Breaking Out of the Erasmus Bubble
When you start out on your year abroad adventure, it can be all too easy to fall into the trap of only meeting your fellow anglophone students. While this can be great for making friends and going out, it’s not massively helpful if you’re supposed to be immersing yourself in the language and culture. To help you out, I’ve thought back to my year abroad to figure out what to do and what not to do so you can break out of the English-speaking Erasmus bubble.
By Indigo Officer
1. Be proactive
This might seem like a given, but you really have to be the one to put in the effort if you want to get out there and meet some native speakers. Send out messages to people you meet at parties and events – it’s likely they’ll be flattered! Don’t be afraid to seize any opportunity you can to speak to people – when I was in Turin, we found out our AirBnB host had a twenty-year-old daughter who was studying at the same uni as us so asked them to bring her along when we checked out. It was a great way to meet even more people, as once we’d been out for dinner with her, she introduced us to the rest of her friends.
2. Make sure you do actually practise your language
Once you’ve met some native speakers, you’re over the first hurdle, but it doesn’t stop there! People will often want to speak to you so they can practise their English but remember: it’s your year abroad and you’re the one who’s there to learn. It’s okay to speak English sometimes and it’ll help to make friends, but don’t worry about being firm to make sure you get some real conversation practice in.
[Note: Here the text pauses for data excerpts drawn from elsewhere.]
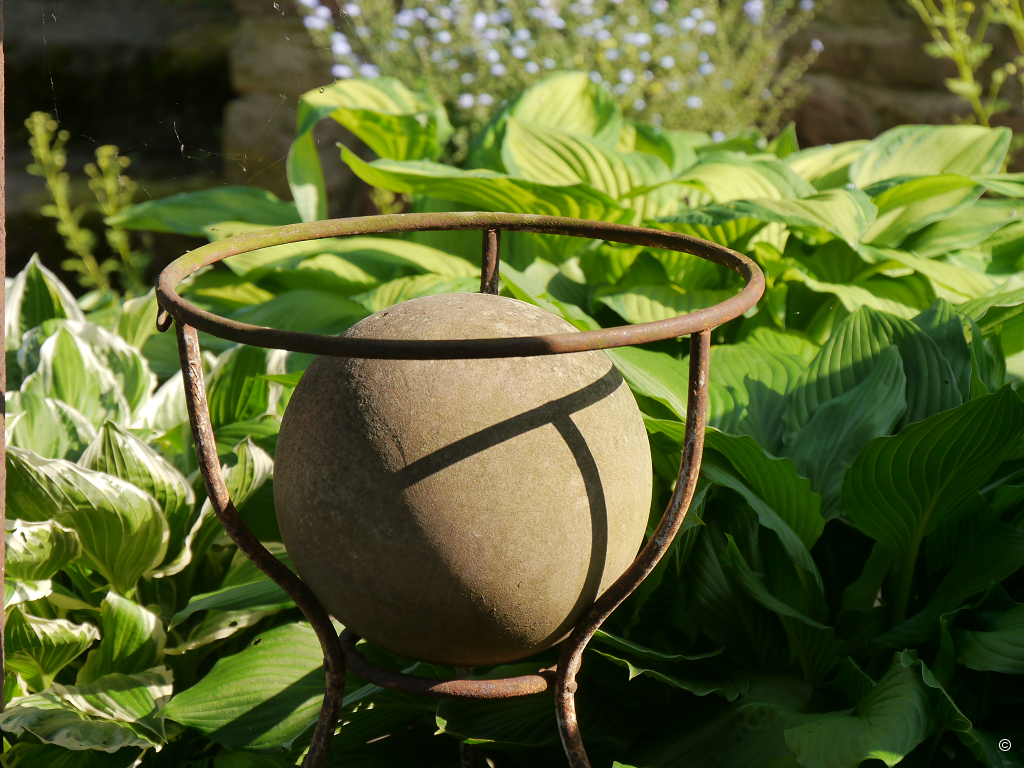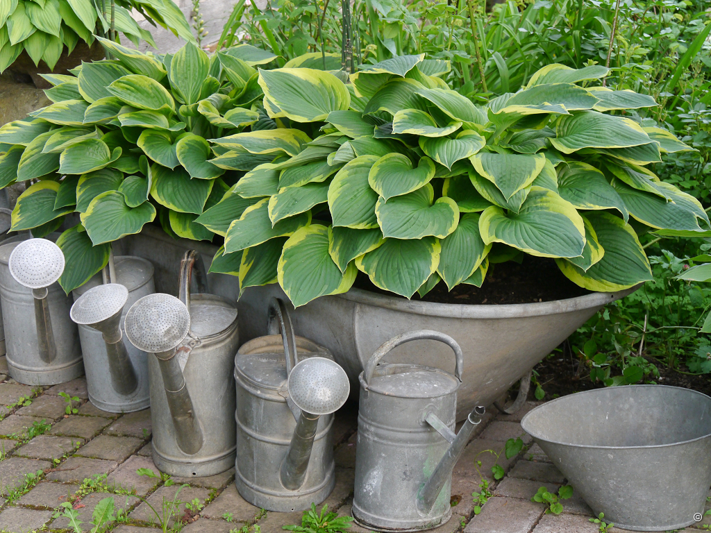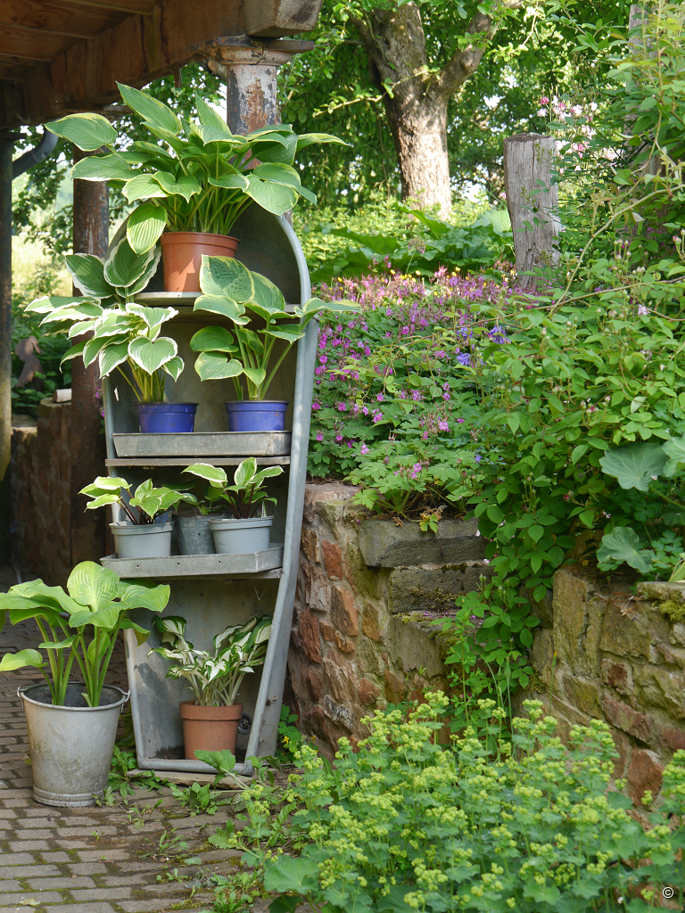 An der Hausecke des Querbaus befindet sich der Durchgang in den weitläufigen Großen Garten. Seitdem das Grundstück von Jörg terrassiert wurde, gelangt man über zwei Steintreppen zum hinteren Gartenteil. Der Zugang zur ersten Stufe ist von einer Hostatopfsammlung flankiert, die am Ende der Treppe in einem Gang, der die Hausseite nach links entlanggeht, weiterführt. Teilweise stehen die Hostas in Zinkwannen, mit dekorativen Gießkannen davor. Typisch Jörg wurde eine lange, schmale Wanne senkrecht aufgestellt, mit Fächern versehen und ebenfalls mit Hostatöpfen wie ein Regal bestückt.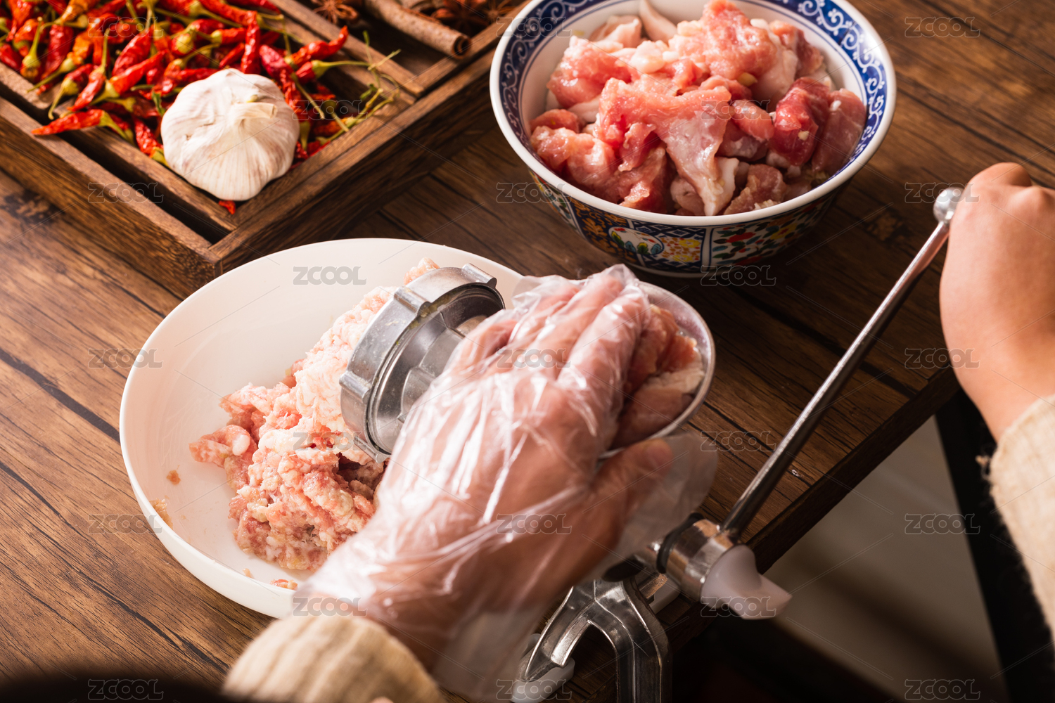 雙手操作手動(dòng)絞肉機(jī)將肥瘦相間的豬肉做成末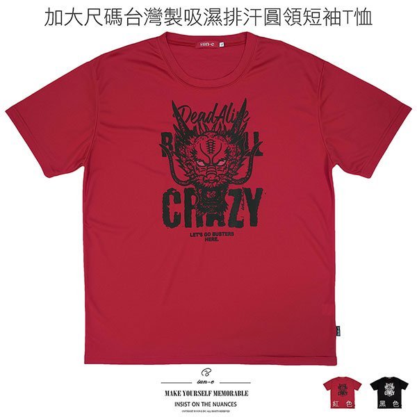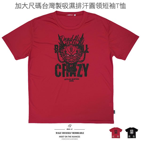 sun-e加大尺碼T恤、吸濕排汗T恤、台灣製T恤、超彈力短袖T恤、龍頭T恤、英文字T恤、透氣速乾運動T恤、圓領T恤、大尺碼男裝、機能性布料短袖上衣、潮流短Tee、黑色T恤、Made In Taiwan T-shirts、Big And Tall T-shirts、Moisture Wicking T-shirt、Dragon Head T-shirts、Short Sleeve T-shirts、Crew Neck T-Shirts、Quick Drying Breathable Fabric (310-3681-02)紅色、(310-3681-21)黑 色 4L 5L (胸圍:52~60英吋 / 132~152公分) 男 [實體店面保障]

3. Live with native speakers
One surefire way to break out of the Erasmus bubble is to live with native speakers. You’ll be speaking morning to night and having everyday conversations in your target language will really help your confidence, as well as your language skills. If you get along well with your flatmates, you’ll have the added bonus of getting to meet their friends and meet even more new people who you wouldn’t have otherwise known!
4. Shop at local markets
Going into lockdown while I was in Italy did limit options for getting out and speaking, but one thing that always remained open was the markets. It was a great way to engage with the language in a new way, and involves so much more talking than a quick, impersonal trip to the supermarket. The stallholders were always really friendly and happy to talk about their produce. A daily trip to the market was the best way to learn more about local food and seasonality, while also bettering my Italian. It’s really good for immersing yourself in the culture outside of your usual activities and nights out.
5. Have fun!
While the main purpose of your year abroad is to improve your language skills and better your understanding of other cultures, it’s important not to forget to have fun! Language learning should be an enjoyable experience – don’t let it stress you out. Try to strike a balance between getting to know some native speakers and meeting your fellow British students who will form an integral part of your year abroad memories!
Frequently Asked Questions
What does Erasmus mean?
ERASMUS is a backronym meaning European Community Action Scheme for the Mobility of University Students.
Who is eligible for Erasmus?
To be eligible for Erasmus you must be studying an official degree or diploma and have successfully completed your first year.
Is the Erasmus program free?
The Erasmus program provides free movement and exchange for students, between registered universities. You won’t need to pay for tuition at the host university but you will need to budget for things like flights, accommodation and food.